1.9k views Asked by At

Lets say I use the Dataflow blocks in .NET. It is stated that "This dataflow model promotes actor-based programming" Which is exaclty what I want to get at here.

However, if I process messages from, say a BufferBlock<T> and in the processor of the message, I decide to use async/await, this will fork out the execution to the current tread and a worker thread for the awaited task.

Is there any way to prevent concurrent execution within the actor/message processor here?

it's fine if the awaited task executes using non blocking IO ops with native callbacks. But I'd really like to ensure that the any .NET code is only executed in sync.

2

There are 2 answers

0
svick On BEST ANSWER

This very much depends on how exactly will you process those messages.

If you use an ActionBlock with async action, don't set its MaxDegreeOfParallelism (which means the default value of 1 is used) and link it to the BufferBlock, then the action will execute for one message at a time, there will be no parallelism.

If you process the messages manually using a loop like this:

while (await bufferBlock.OutputAvailableAsync())
{
    var message = await bufferBlock.ReceiveAsync();
    await ProcessMessageAsync(message);
}

Then the messages will be processed one at a time too.

But in both cases, it doesn't mean that a message will be processed by a single thread. It may be processed by multiple threads, but not in parallel. This is because after await, the execution can resume on a different thread than where is was paused.

If you use some other way of processing messages (e.g. using the loop above, but omitting the await before ProcessMessageAsync()), then multiple messages could be processed concurrently.

4
Panagiotis Kanavos On

You misunderstand what await does. It doesn't fork anything, it simply awaits for the result of an already asynchronous operation.

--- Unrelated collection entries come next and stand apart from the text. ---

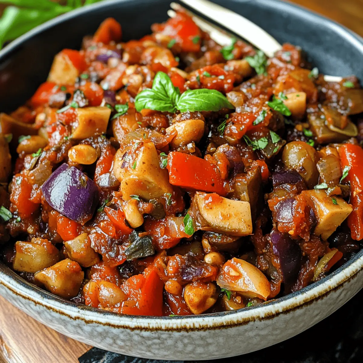 This Caponata Vegetarian Style recipe is perfect for meal prep enthusiasts looking to save precious time on busy weeknights! You can prepare the entire caponata base up to 3 days in advance; simply follow the cooking instructions, allow it to cool, and refrigerate in an airtight container to maintain its vibrant flavors. For best results, do not add the fresh herbs and toasted pine nuts until you’re ready to serve, which helps preserve their freshness and aroma. When you’re ready to enjoy, simply reheat on the stovetop over medium heat until warmed through, and finish with the herbs. Enjoy the delightful taste of homemade comfort, effortlessly!
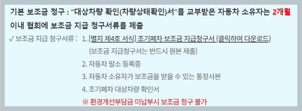 ✅ 조기폐차 보조금 지급대상 확인 신청서 다운로드 하기
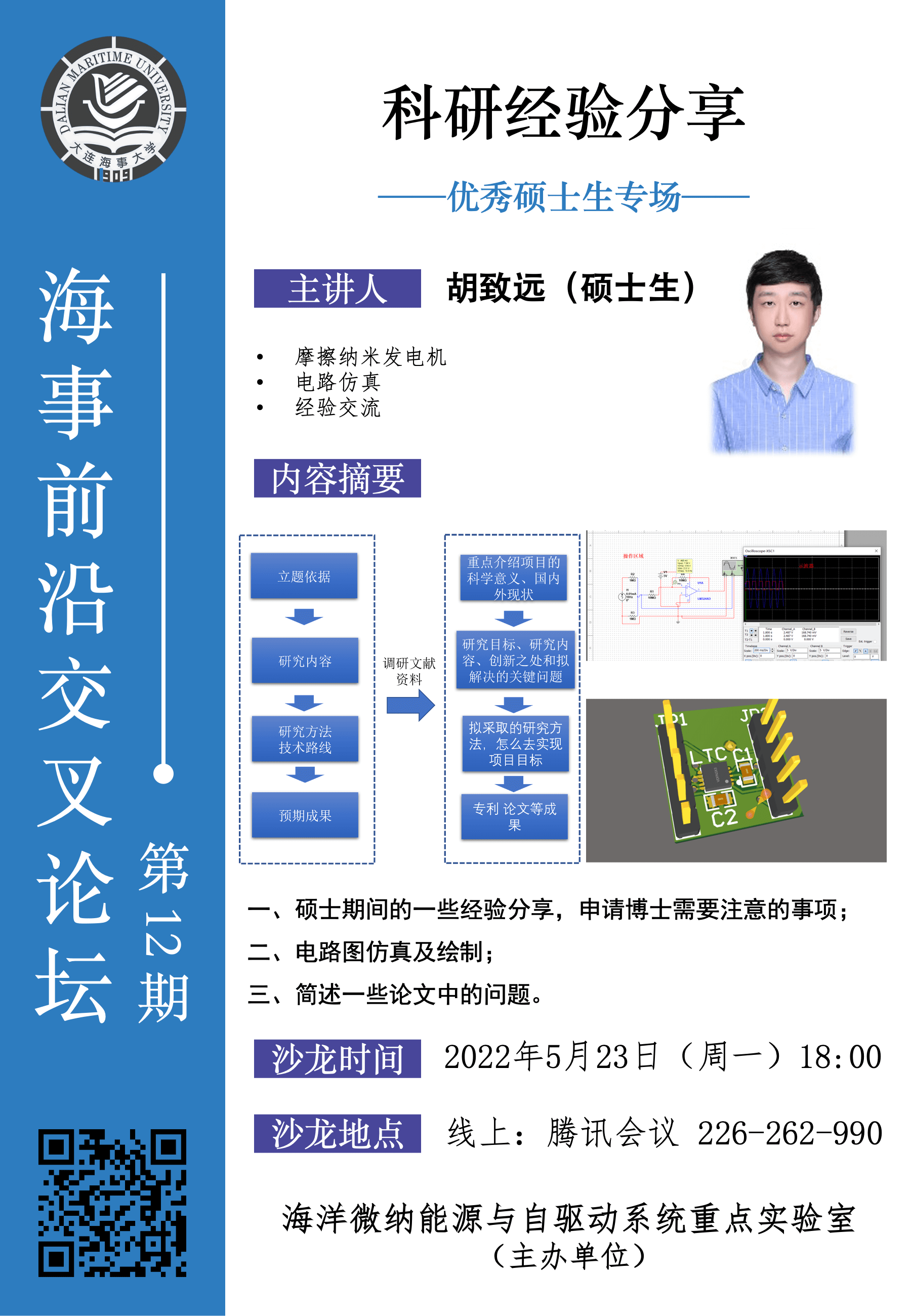 海事前沿交叉论坛第12期--优秀硕士生专场,由胡致远硕士生主讲,要点包括申请博士需要注意的事项、电路图仿真和绘制、科学论文中需要注意的问题。

Methods marked with the async keyword do not automatically become asynchronous. It is only when an asynchronous operation is encountered inside the async method that execution continues asynchronously. The async keyword simply tells the compiler where execution should continue after the asynchronous operation completes.

No ThreadPool threads are wasted or harmed while awaiting so you shouldn't be trying to limit, prevent or circumvent this. In fact, you get better scalability when using asynchronous operations because the ThreadPool threads used by TPL Dataflow do not block waiting for long-running asynchronous operations like I/O or web service calls.